GIVEN INFORMATION: Begin

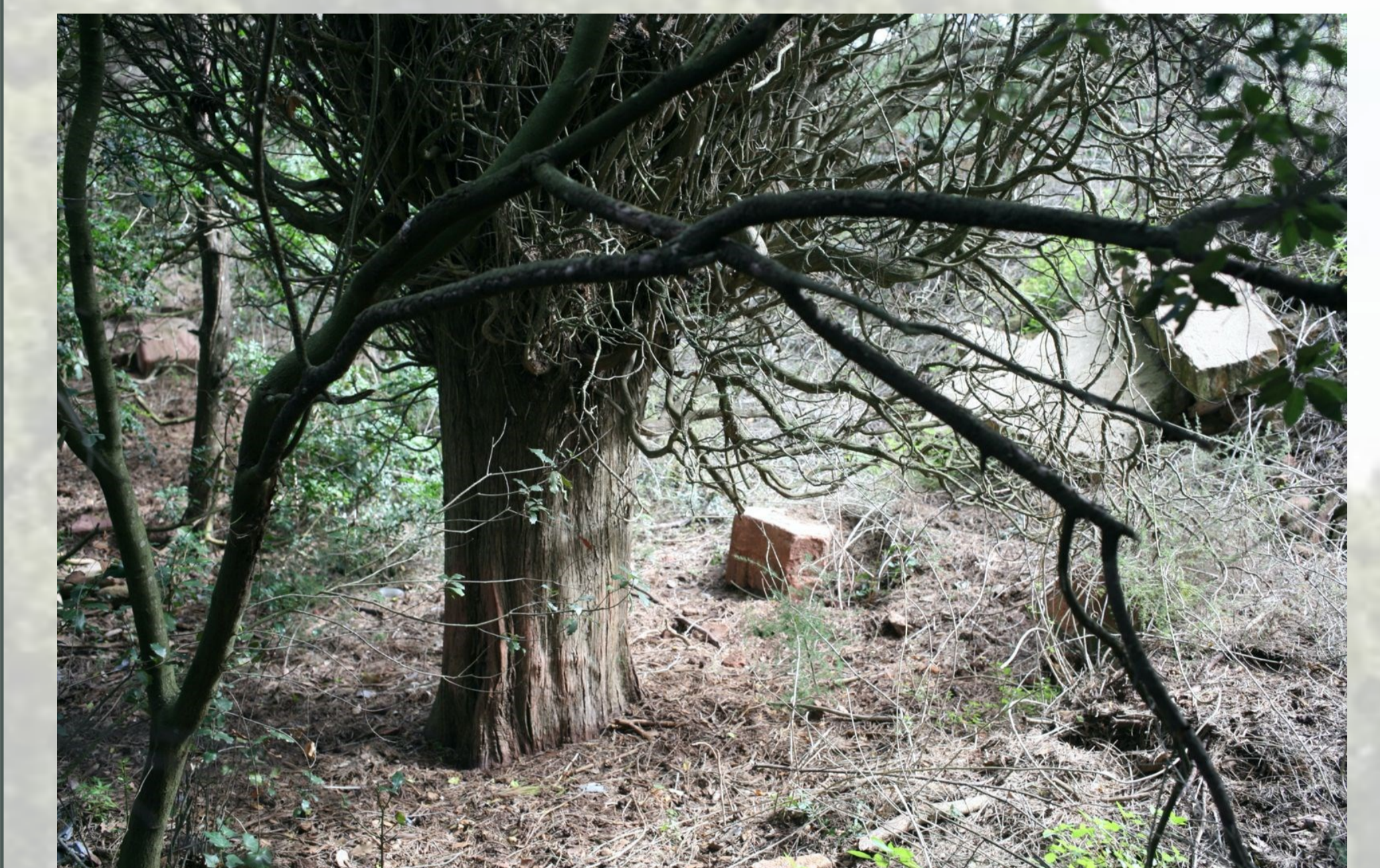
Vista actual de detall d'un dels xiprers de l'antic cementiri.

El nom botànic del xiprer és Cupressus sempervirens . És una conífera de fulla permanent. Aquest nom vol dir sempre viva, que està relacionat amb la seva longevitat. És un arbre que pot durar tres-cents anys. Esperem que els nostres hi puguin arribar, també. Els avantpassats que els varen plantar i cuidar fins que es van poder valdre per si sols, també ho devien fer amb la mateixa intenció.
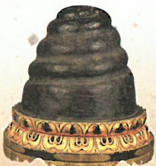
⑪ 大仏螺髻（勧進用） 東大寺蔵 公慶上人が全国を巡って勧進を行った際に宝物を持ち込んだとの記録があり、大仏の大きさを伝えるために用いられたと見られている。

GIVEN INFORMATION: End

PROBLEM TO SOLVE |
Restate all of the material word for word. Keep out every picture.

RESPONSE FOR THIS EXERCISE |
Vista actual de detall d'un dels xiprers de l'antic cementiri.

El nom botànic del xiprer és Cupressus sempervirens . És una conífera de fulla permanent. Aquest nom vol dir sempre viva, que està relacionat amb la seva longevitat. És un arbre que pot durar tres-cents anys. Esperem que els nostres hi puguin arribar, també. Els avantpassats que els varen plantar i cuidar fins que es van poder valdre per si sols, també ho devien fer amb la mateixa intenció.
⑪ 大仏螺髻（勧進用） 東大寺蔵 公慶上人が全国を巡って勧進を行った際に宝物を持ち込んだとの記録があり、大仏の大きさを伝えるために用いられたと見られている。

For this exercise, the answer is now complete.